The deal – which could unlock up to £1bn of future investment – will deliver 11 major projects to transform the area.

Multi-million pound Falkirk Growth Deal set to be signed Falkirk Council

A £140m investment that it is hoped will bring 2000 new jobs to Falkirk is to be signed off on Tuesday in a major agreement between the UK and Scottish governments and Falkirk Council.

The Falkirk Growth Deal – which could unlock up to £1bn of future investment – will deliver 11 major projects to transform the area.

The cash is a very welcome boost for the ‘Investment Zone’, which focuses on Falkirk and Grangemouth’s huge importance to the national economy and which is already seeing the council working closely with the private sector to attract investment.

A major part of the cash will be to help the area’s petrochemical industry – which currently produces 10% of Scotland’s carbon emissions – to make the complex transformation to net-zero.

The proposals have been years in the planning but the signing of the heads of terms – by Scottish Government economy secretary Kate Forbes, UK Government minister Iain Stewart and the leader of Falkirk Council, Cecil Meiklejohn – is a significant milestone.

In addition to the £90m investment from UK and Scottish governments, there will be a further £45m from Falkirk Council, and £5.8m from Scottish Canals.

This means projects that can now go ahead include developing a new ‘transport hub’ at Falkirk Grahamston railway station and a new canal centre to regenerate the former Barr’s factory at Lock 16 in Camelon.

There will also be several schemes that will put Grangemouth in the forefront of sustainable technology.

These include £10m for a carbon dioxide utilisation centre that will capture CO2 to manufacture more sustainable products.

And a further £10m will help to develop new sustainable processes using feedstocks such as food processing and whisky by-products.

The aim is for Grangemouth to lead the way in a ‘just transition’ away from fossil fuels, in a way that won’t leave communities behind in the way they were when the steel works and coal mines closed forever.

Among the projects will be £4m for an innovation skills transition centre that will be led by Forth Valley College, helping local school and college students get the right skills for local industry.

The £21m transport hub at Falkirk Grahamston – which will be renamed Falkirk Central – will be part of a ‘green corridor’, including the new Westfield Crossing, that will connect Falkirk and Grangemouth for cyclists and pedestrians.

And there will be £4m to create Scotland’s Canal Centre, which will include Scottish Canal’s new headquarters.

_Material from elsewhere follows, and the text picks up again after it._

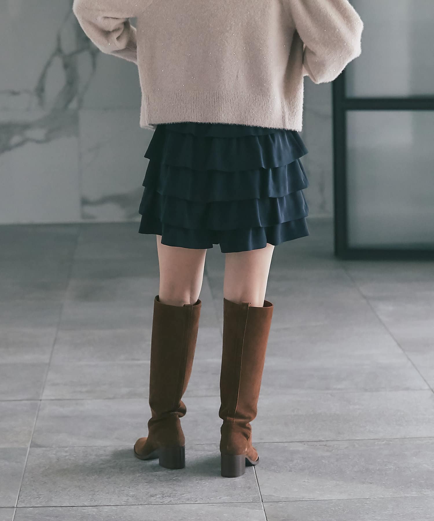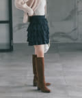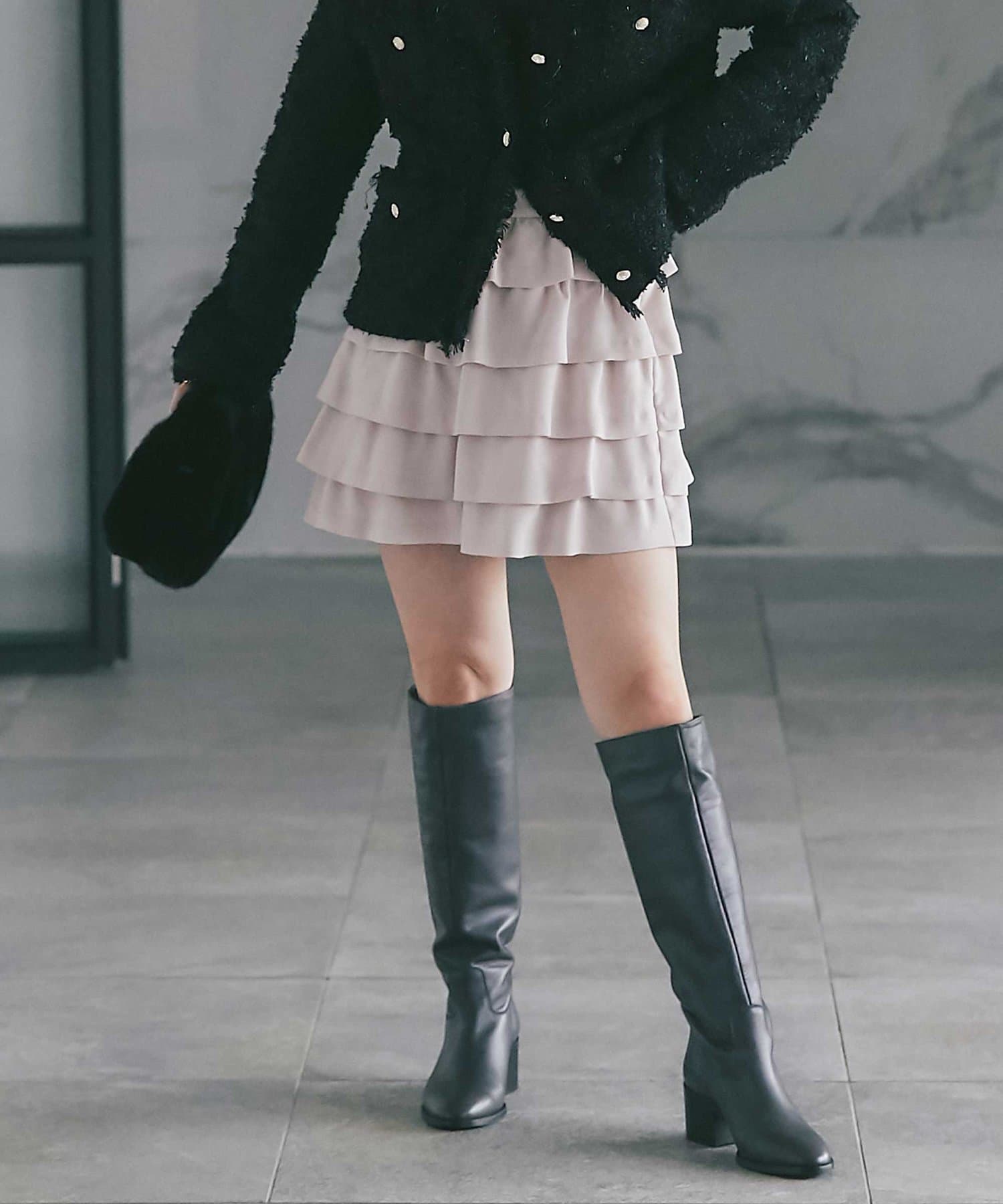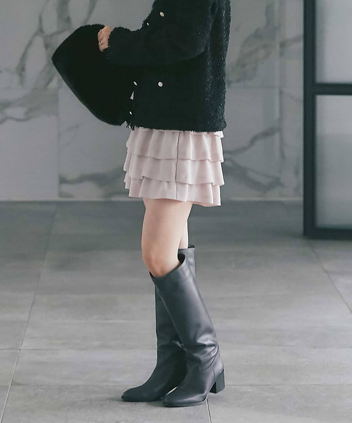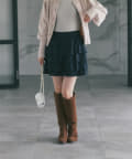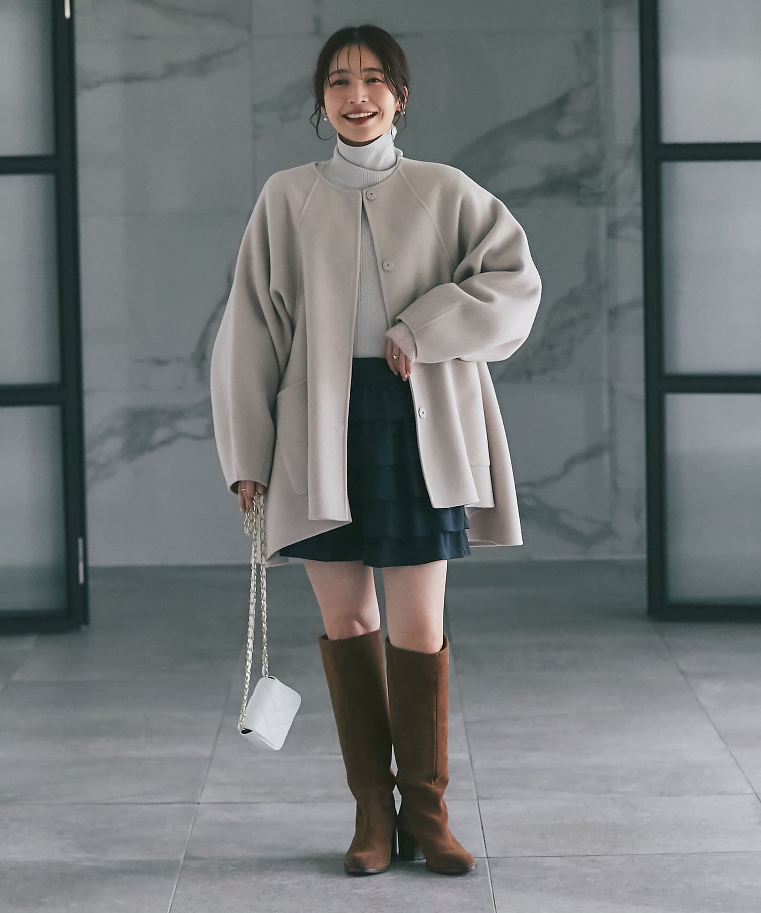 足元はロングブーツに合わせるとトレンド感が増したスタイリングが楽しめます。

The cash will also help the area tap into the success of the Kelpies and the Falkirk Wheel, with a further £3m for Scotland’s National Outdoor Art Park, along the Forth and Clyde canal.

Forbes said the deal would “enable inclusive and sustainable economic growth for the area, creating a fairer and greener economy”.

She added: “The deal will help regenerate town centres, create new cultural attractions, transform local transport, reskill the workforce and help decarbonise industry.

“Our investment will ensure communities from across Falkirk and the surrounding area benefit from opportunities created and highlights our commitment to invest in our places and people.”

Stewart added: “The deal will create and protect jobs in the area through innovative projects such as supporting Grangemouth petrochemical complex’s transition away from fossil fuels with the creation of a centre of excellence in carbon capture as we move towards net-zero.

“Skills and training will get a boost too with the creation of sites for sustainable manufacturing that will encourage further investment.

“Making public transport cleaner, greener and more accessible with a new transport hub will encourage visitors.”

At a meeting of Falkirk Council on Monday, councillors gave their backing to the scheme with a general agreement that it was good news for the district.

Some expressed their concern that while the deal is great news for Falkirk and Grangemouth, other parts of the district would not benefit.

But they were told that the 2000 jobs created would be for people right across the area, not just in Grangemouth – and that the initial funds would unlock more money in the future.

Cecil Meiklejohn, leader of Falkirk Council, said: “This investment by the UK and Scottish governments will bring a massive economic boost to the local area and has the potential to create up to 2000 jobs and attract £1bn of private sector investment.

“A lot of hard work has gone into securing this deal, which will help us deliver on our council priorities and our Council of the Future transformation programme.”